Uniform Garnet Nanoparticle Dispersion in Composite Polymer Electrolytes

  • College of Physics, Qingdao University, Qingdao 266071, Shandong Province, China

  • Corresponding author: Ning Zhao,  Xiangxin Guo, 
  • Received Date: 8 May 2023
    Revised Date: 6 June 2023
    Accepted Date: 6 June 2023

    Fund Project: The project was supported by the Key R&D Program of Shandong Province (2021CXGC010401) and the National Natural Science Foundation of China (U1932205, 52002197).
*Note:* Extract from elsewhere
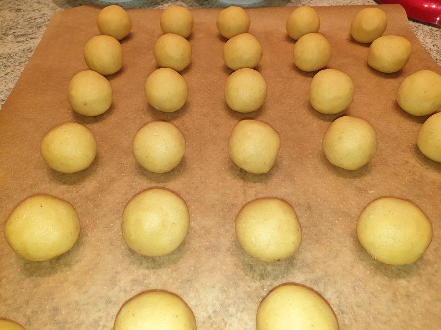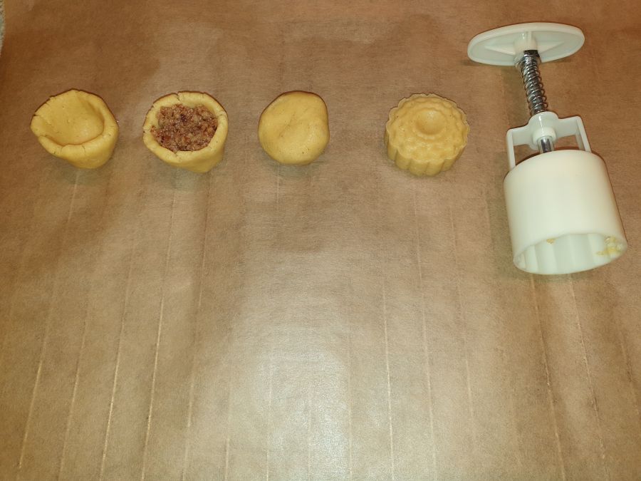 Das Gewichtsverhältnis Teig zu Füllung sollte bei ca. 2:1 liegen. Der kalte Teig wird bei Zimmertemperatur portionsweise verarbeitet, d.h. nur soviel Teig verarbeiten wie gerade verwendet wird. Man formt mehrere Portionen gleich großer Teigkugeln, ca. 38 Kugeln. Mit den Händen eine Mulde hineindrücken, die Füllung hineingeben und mit dem Überstand verschließen.
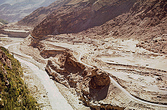 und den Karakorum-Highway. Rechts von der Straße die Reste eines chinesisch-pakistanischen Straßenbau-Lagers.

  • Solid-state lithium batteries (SSLBs) have the potential to further boost the energy density of Li-ion batteries and improve their safety by facilitating the use of Li-metal anodes and limiting flammability, respectively. Solid electrolytes, as key SSLB materials, significantly impact battery performance, among which composite polymer/garnet electrolytes are promising materials for manufacturing SSLBs on a large scale, owing to polymer electrolyte processing ease in combination with the thermal stabilities and high ionic conductivities of garnet electrolytes, both of which are beneficial. Uniformly dispersing garnet particles in the polymer matrix is important for ensuring a highly ionically conductive composite polymer electrolyte. However, high nanoparticle surface energies and incompatible organic–inorganic interfaces lead to garnet particle agglomeration in the polymer matrix and a poorly ionically conductive composite electrolyte. With the aim of promoting Li6.4La3Zr1.4Ta0.6O12 (LLZTO) particle dispersion in both solvents and polymer matrices, in this study, we introduced the 3-glycidyloxypropyl trimethoxy silane (GPTMS) coupling agent onto the LLZTO surface. A 5-nm-thick GPTMS shell was constructed on each LLZTO nanoparticle by covalently bonding GPTMS molecules on the surface of the nanoparticle. The lipophilic epoxy group in GPTMS enables the uniform dispersion of GPTMS-modified LLZTO nanoparticles (LLZTO@GPTMS) in organic solvents, such as acetonitrile, N-methylpyrrolidone, and N,N-dimethylformamide. Particle-size-distribution experiments reveal that LLZTO-nanoparticle dispersity is positively correlated with solvent polarity. Well-dispersed LLZTO suspensions led to superior polyethylene-oxide-based (PEO-based) composite polymer electrolyte ionic conductivities of 2.31 × 10-4 S·cm-1 at 30 °C. Both symmetric lithium batteries and SSLBs that use LiFePO4 (LFP) cathodes, lithium-metal anodes, and the optimal PEO: LLZTO@GPTMS electrolyte exhibited prolonged cycling lives. Moreover, the polyethylene separator was homogeneously coated with LLZTO nanoparticles following GPTMS modification. LFP|Li batteries with LLZTO@GPTMS-coated PE separators exhibited better cycling stabilities than those of batteries with unmodified LLZTO/PE. This study demonstrated that GPTMS effectively improves LLZTO-nanoparticle dispersibility in both organic solvents and polymer matrices, which is also instructive for other organic–inorganic composite systems.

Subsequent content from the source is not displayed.